The code of this tutorial has been tested against Eliom 4.

In this chapter, we will write a collaborative drawing application. It is a client/server web application displaying an area where users can draw using the mouse, and see what other users are drawing at the same time and in real-time.

The final eliom code is available for download.

Basics

To get started, we recommend to use Eliom's distillery, a program which creates scaffolds for Eliom projects. The following command creates a very simplicistic project called "graffiti" in the directory "graffiti" (adapt it to your needs!):

$ eliom-distillery -name graffiti -template basic -target-directory graffiti

My first page

Our web application consists of a single page for now. Let's start by creating a very basic page. We define the service that will implement this page by the following declaration:

open Eliom_content.Html5.D (* provides functions to create HTML nodes *)

let main_service =
  Eliom_registration.Html5.register_service
    ~path:["graff"]
    ~get_params:Eliom_parameter.unit
    (fun () () ->
      Lwt.return
        (html
           (head (title (pcdata "Page title")) [])
           (body [h1 [pcdata "Graffiti"]])))

If you're using eliom-distillery just replace the content of the eliom-file by the above lines and run

$ make test.byte

This will compile your application and run ocsigenserver on it. (Refer to the manual on how to compile your project "by hand".)

Your page is now available at URL http://localhost:8080/graff.

Execute parts of the program on the client

To create our first service, we used the function Eliom_registration.​Html5.​register_service, as we wanted to return HTML5. But actually we want our service to send an Eliom application. To do so, we will create our own registration module by using the functor Eliom_registration.App:

module My_app =
  Eliom_registration.App (struct
      let application_name = "graffiti"
    end)

It is now possible to use My_app for registering our main service (now at URL /):

let main_service =
  My_app.register_service
    ~path:["graff"]
    ~get_params:Eliom_parameter.unit
    (fun () () ->
      Lwt.return
        (html
           (head (title (pcdata "Graffiti")) [])
           (body [h1 [pcdata "Graffiti"]]) ) )

We now want to add some OCaml code to be executed by the browser.
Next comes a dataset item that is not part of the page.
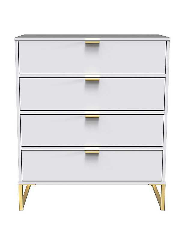 This modern storage cabinet features 4 large storage drawers. A truly unique style that will be the highlight of any bedroom. This furniture set is popular for its Scandinavian style and industrial feel. Constructed from sturdy materials with metal handles and frame legs. Elevate your space with this range featuring plenty of storage so it's incredibly practical for keeping rooms clutter free and tidy. All our furniture is made to order in the United Kingdom to the highest quality. Furniture comes fully assembled (although legs may be removed to prevent damage in transit).Ready Assembled Weight Capacity: 30kgSpecifications Material: MFC & MDFManufacturer's 1 year guaranteeProduct Care: Wipe clean onlyMade in the UKWeight of product 37kgWall Anchor kit includedOverall Assembled Dimensions Hx91 Wx76 Dx40cmSpecification Leg Material: Metal

For that purpose, Eliom provides a syntax extension to distinguish between server and client code in the same file. We start by a very basic program, that will display a message to the user by calling the JavaScript function alert. Add the following lines to the program,

{client{
  let _ = Eliom_lib.alert "Hello!"
}}

After running again make test.byte, and visiting http://localhost:8080/graff, the browser will now load the file graffiti.js, and open an alert-box accordingly.

Accessing server side variables on client side code

The client side process is not really separated from the server side, we can access some server variables from client code. For instance:

let count = ref 0

let main_service =
  My_app.register_service
     ~path:[""]
     ~get_params:Eliom_parameter.unit
    (fun () () ->
      let c = incr count; !count in
      ignore {unit{
        Dom_html.window##alert(Js.string
	  (Printf.sprintf "You came %i times to this page" %c))
      }};
      Lwt.return
        (html
           (head (title (pcdata "Graffiti")) [])
           (body [h1 [pcdata "Graffiti"]]) ) )
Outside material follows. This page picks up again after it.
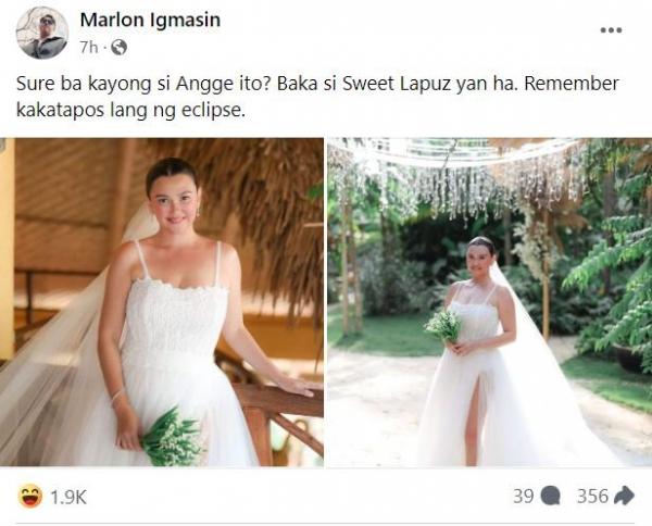 “Sure ba kayong si Angge ito? Baka si Sweet Lapus yan ha. Remember kakatapos lang ng eclipse,” post nito sa isang Facebook group.

Here, we are increasing the reference count each time the page is accessed. When the page is loaded and the document is in-place, the client program initialize the value inside {unit{ ... }} and thus triggers an alert window. More specifically, the variable c , in the scope of the client value on the server is made available in the client value using the syntax extension %c. In doing so, the server side value c is displayed in a message box on the client.

Collaborative drawing application

Drawing on a canvas

We now want to draw something on the page using an HTML5 canvas. The drawing primitive is defined in the client-side function called draw that just draws a line between two given points in a canvas.

To start our collaborative drawing application, we define another client-side function init_client , which just draws a single, orange line for now.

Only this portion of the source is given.